**THE DATA**.

· · · ·

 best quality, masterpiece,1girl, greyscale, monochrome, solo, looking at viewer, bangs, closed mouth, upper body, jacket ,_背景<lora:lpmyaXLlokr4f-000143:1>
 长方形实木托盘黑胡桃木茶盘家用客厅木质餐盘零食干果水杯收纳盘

· · · ·

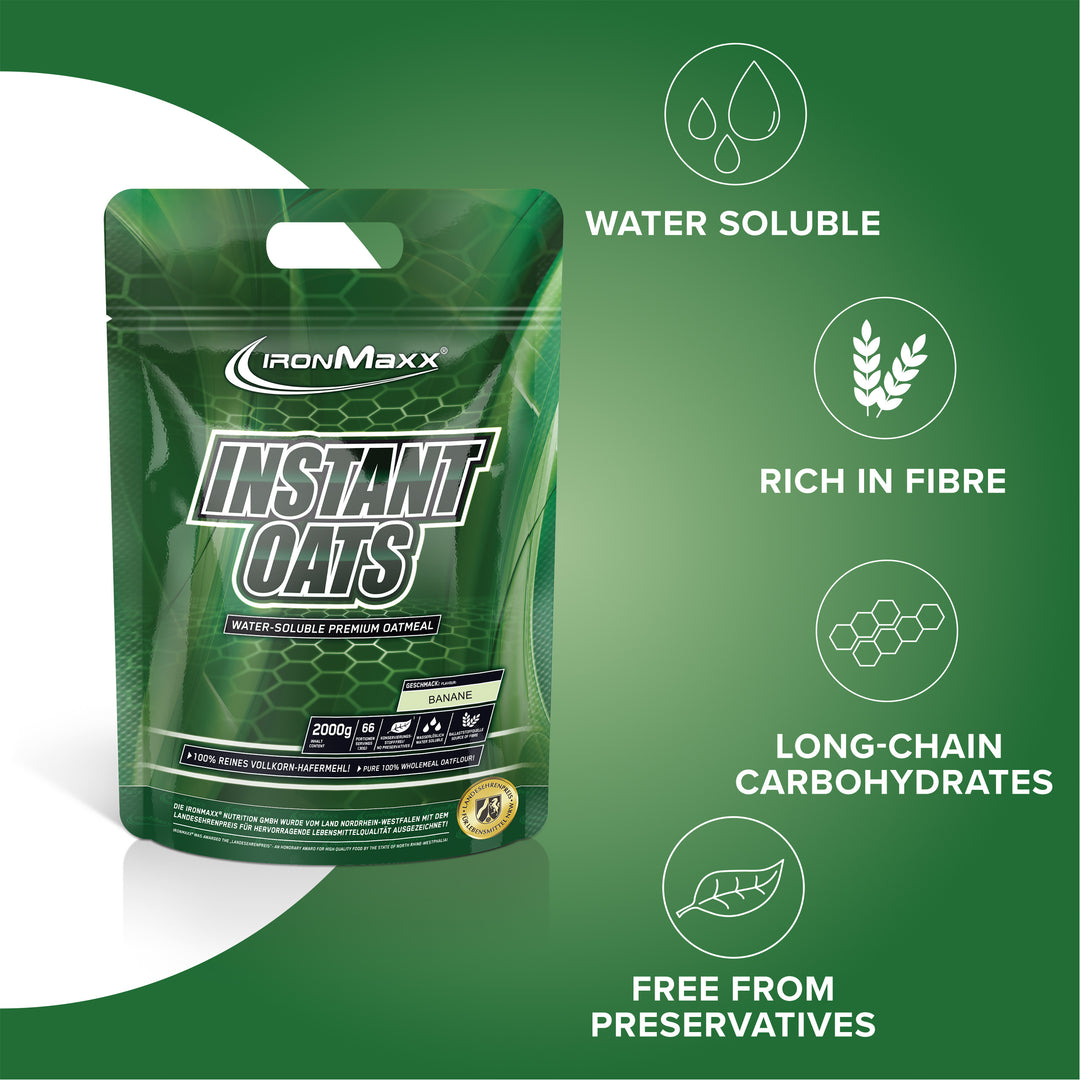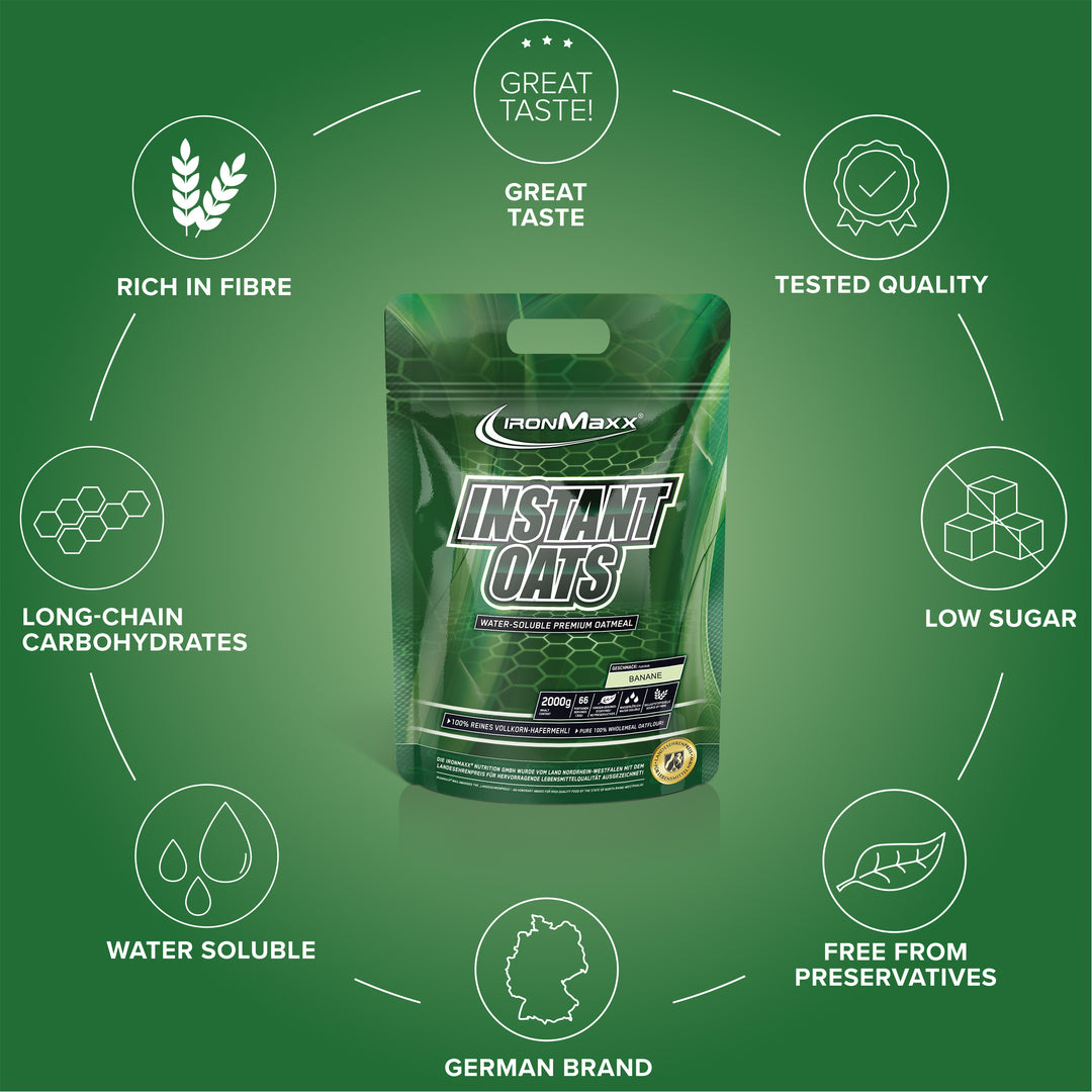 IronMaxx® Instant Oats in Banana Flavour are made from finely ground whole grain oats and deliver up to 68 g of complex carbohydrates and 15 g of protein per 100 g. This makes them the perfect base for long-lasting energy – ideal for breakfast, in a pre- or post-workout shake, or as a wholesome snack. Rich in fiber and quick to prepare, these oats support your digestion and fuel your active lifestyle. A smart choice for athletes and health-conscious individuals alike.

· · · ·

**EXERCISE OBJECTIVE**. Reproduce, word for word and in full, only the lines above that start at the line with "body, jacket ,_背景<lora:lpmyaXLlokr4f-000143:1>" and run through the line with "长方形实木托盘黑胡桃木茶盘家用客厅木质餐盘零食干果水杯收纳盘", both ends included.

**ANSWER SECTION**.
 best quality, masterpiece,1girl, greyscale, monochrome, solo, looking at viewer, bangs, closed mouth, upper body, jacket ,_背景<lora:lpmyaXLlokr4f-000143:1>
 长方形实木托盘黑胡桃木茶盘家用客厅木质餐盘零食干果水杯收纳盘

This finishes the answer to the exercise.